Charisma, always the final attribute on our character sheets, was the easiest one to ignore. That’s largely because we didn’t really appreciate how effective and important this attribute can be. This would have required a more nuanced understanding of the human condition, and we had not yet developed the wisdom to see this.
Charisma is the way populist politicians rise to the top. It’s how cult leaders get their followers to drink the metaphorical Kool-Aid, and how Ponzi schemes work. It’s also how leaders inspire people to take bold and righteous action, like Eisenhower’s D-Day speech or Kennedy’s Moonshot speech.

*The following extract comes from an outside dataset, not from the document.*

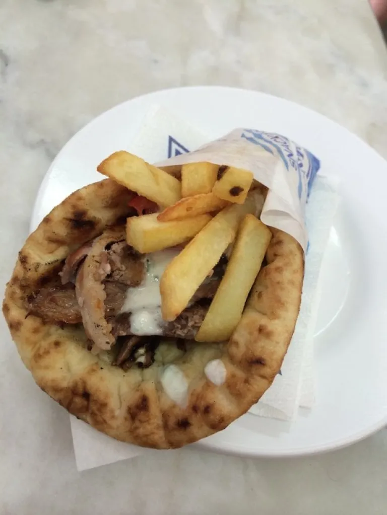 Toward the last few days in Greece, we were so tight on budget that we ate street food everyday. And one of our favourite street food is soulvaki! It is sold everywhere in town. Basically soulvaki is grilled wrap stuffed with meat, fries, tomato and mayonnaise! There are different varieties of pita with fillings such as chicken, lamb and beef, but our favourite would be gyros! It is actually very filling, and we can eat up to 3 soulvaki everyday! One soulvaki cost around EUR 2.5.
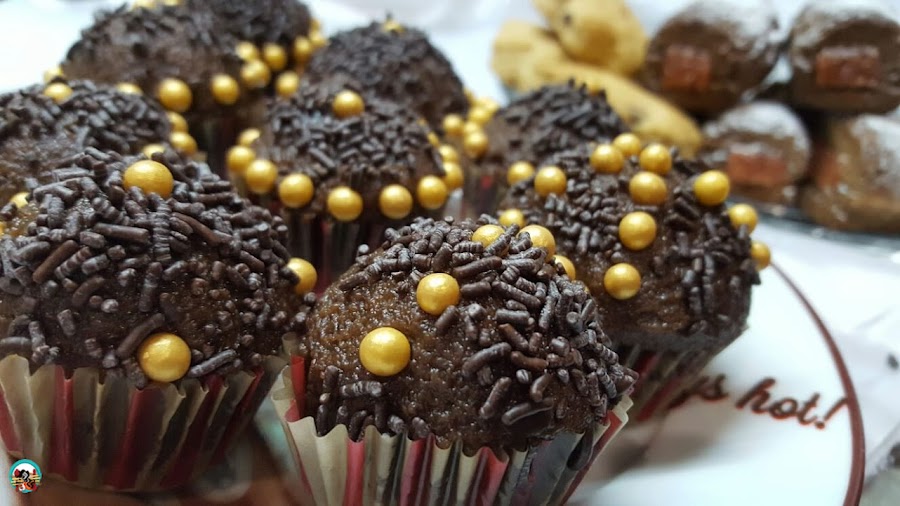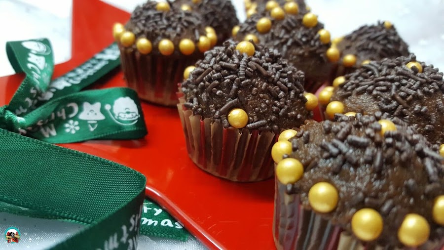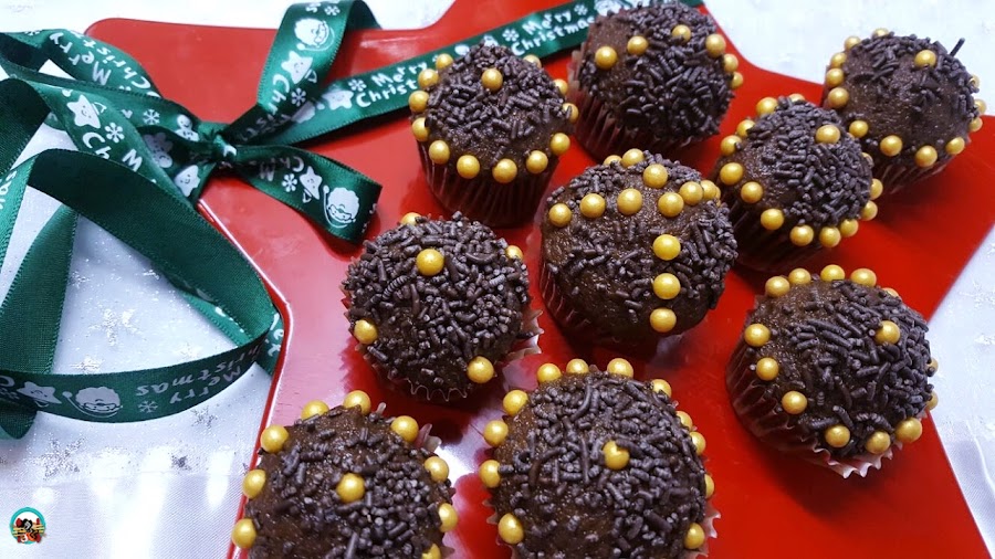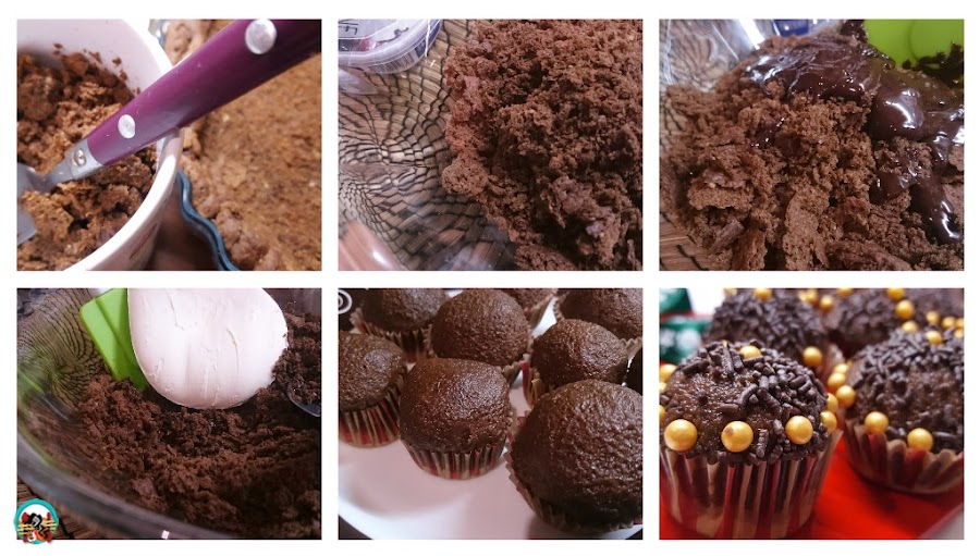 2.- Con la manos limpias, tomamos porciones de la masa. Le damos forma de bola o trufa. Las ponemos en pequeñas cápsulas de magdalenas. Las decoramos con las bolas de azúcar y los fideos de chocolate. Las guardamos en la nevera hasta el momento de servir.

It’s also how relationships form, both at the micro and macro level. Every family is glued together by charisma, and charisma is the key to getting anyone to do anything with you, ever. TL;DR: charisma is incredibly important, and shouldn’t be neglected or trivialized.
Over the ensuing decades since I played D&D regularly, I’ve continued to use the attribute-driven framework to try to improve myself, although I’m a great deal less rigid with categorizations and such.
If you want to spend some time “improving yourself”, you’re probably thinking along similar lines, whether it’s becoming stronger, faster, smarter, or wiser, so it’s not a bad framework at its core.
Did you play D&D when you were a kid? If so, which edition was it? We played 1st edition AD&D, and we were disappointed with the 2nd edition, which is now a classic. If you didn’t play D&D, were there other games that gave you a similar idea or framework?
Are you going to turn this into a health regimen and sell it?
Didn't play it back then, but two of my sons have roped me into a spinoff (Call of Cthulhu) that I'm kind of enjoying, now that I'm in my dotage.